» YOUR ASSIGNMENT
Would you return the lines that run from the start of the data below to the line with "Загальна площа: 37.42м2", both included, exactly as written and without pictures?

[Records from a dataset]
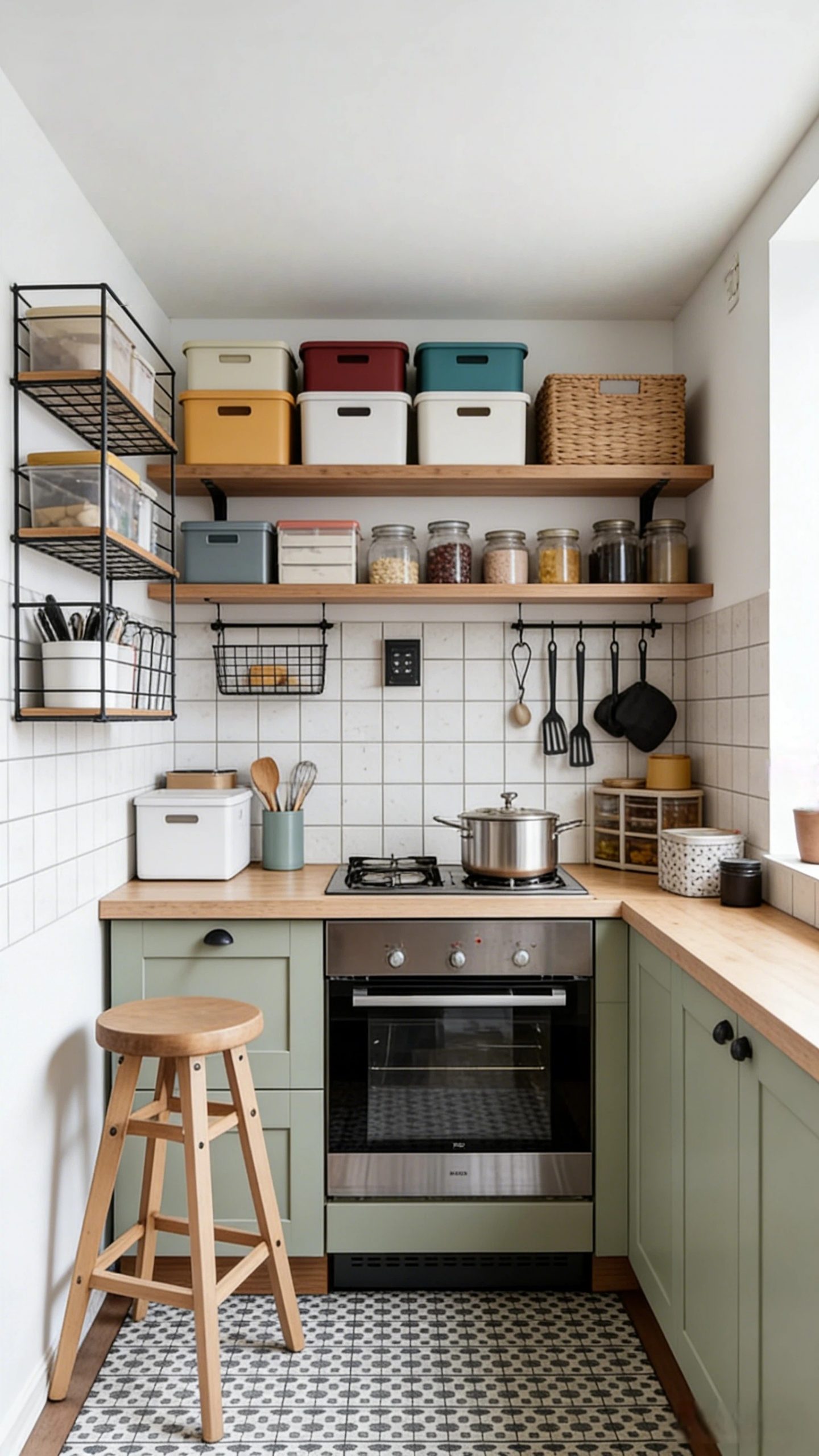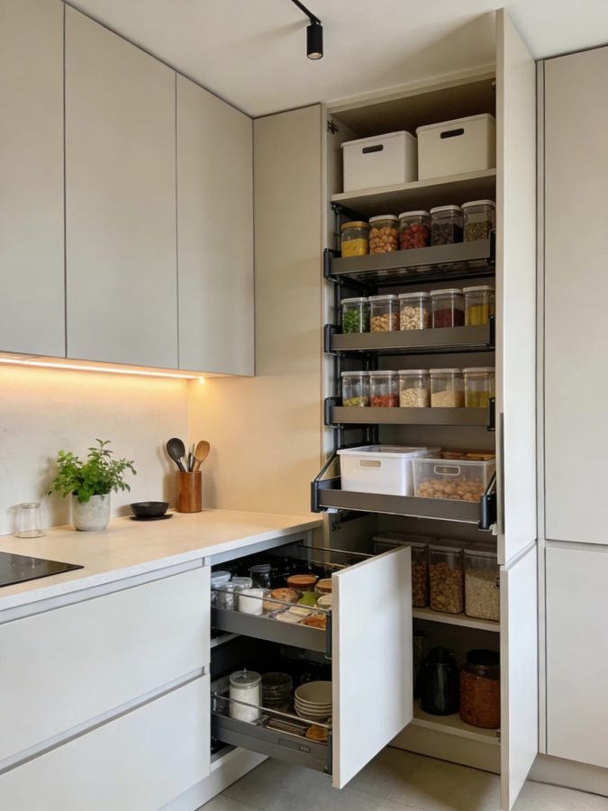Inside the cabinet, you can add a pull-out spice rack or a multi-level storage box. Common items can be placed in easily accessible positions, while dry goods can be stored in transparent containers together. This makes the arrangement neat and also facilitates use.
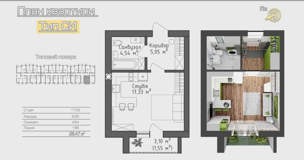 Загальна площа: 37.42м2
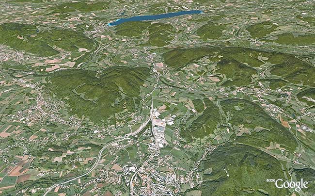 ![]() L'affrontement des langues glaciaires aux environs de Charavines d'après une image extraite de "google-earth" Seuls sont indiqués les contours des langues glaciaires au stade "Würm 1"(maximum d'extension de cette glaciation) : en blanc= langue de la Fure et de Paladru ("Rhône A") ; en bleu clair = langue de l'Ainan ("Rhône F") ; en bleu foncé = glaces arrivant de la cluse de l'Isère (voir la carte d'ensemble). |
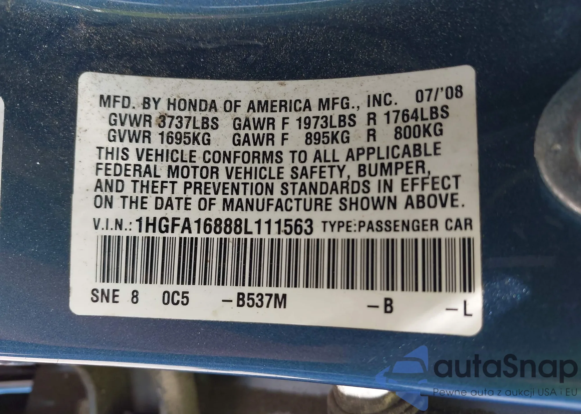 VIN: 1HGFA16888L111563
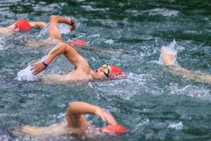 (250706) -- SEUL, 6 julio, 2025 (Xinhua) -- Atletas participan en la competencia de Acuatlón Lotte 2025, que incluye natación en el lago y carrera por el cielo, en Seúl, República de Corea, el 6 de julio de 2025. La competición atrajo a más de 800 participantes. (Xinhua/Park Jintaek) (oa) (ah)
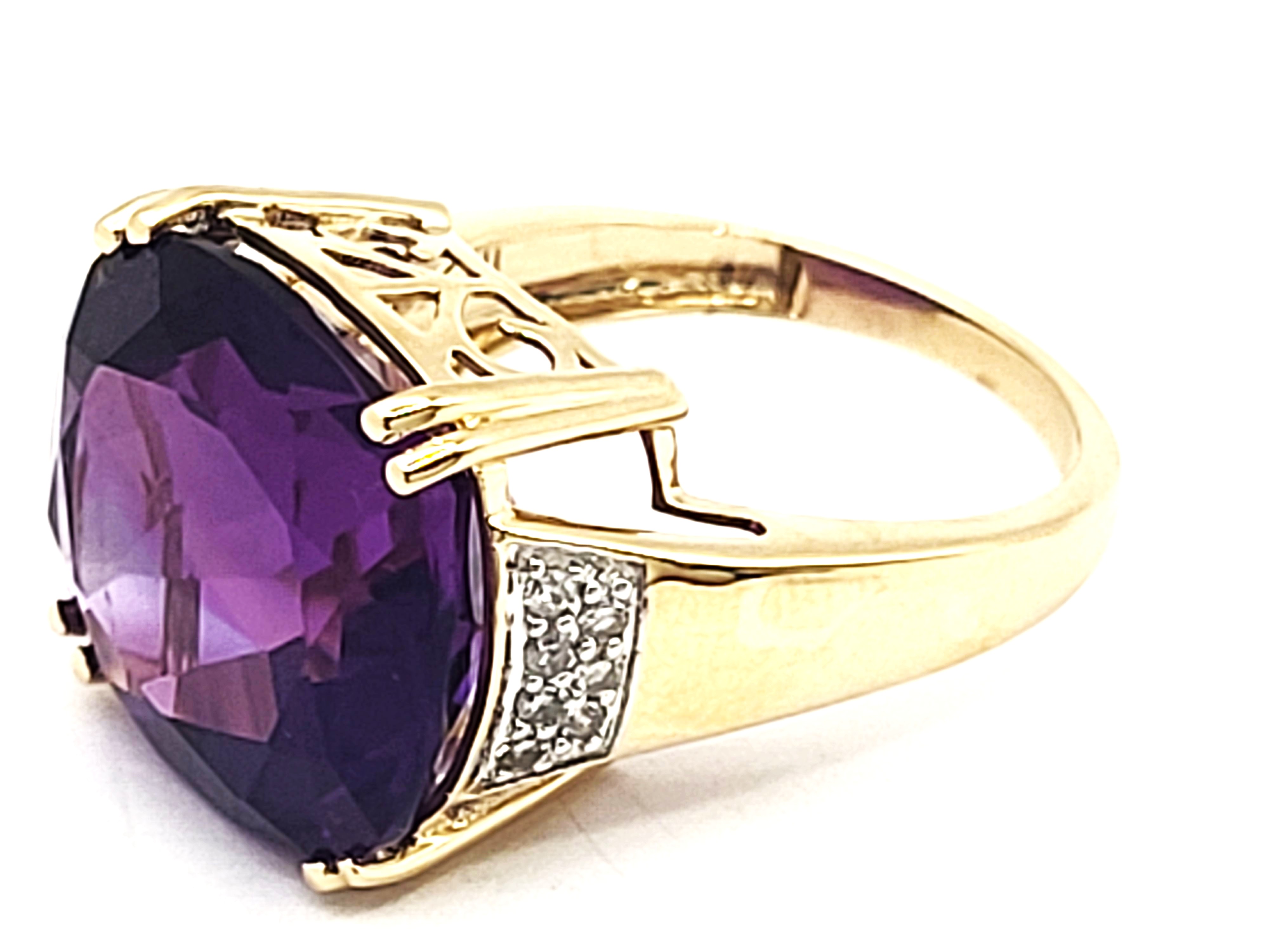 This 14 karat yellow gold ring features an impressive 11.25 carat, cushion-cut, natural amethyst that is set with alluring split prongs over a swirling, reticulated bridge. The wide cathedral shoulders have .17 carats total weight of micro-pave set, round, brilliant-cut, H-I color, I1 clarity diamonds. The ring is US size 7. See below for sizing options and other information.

» PROBLEM SOLUTION
Inside the cabinet, you can add a pull-out spice rack or a multi-level storage box. Common items can be placed in easily accessible positions, while dry goods can be stored in transparent containers together. This makes the arrangement neat and also facilitates use.
 Загальна площа: 37.42м2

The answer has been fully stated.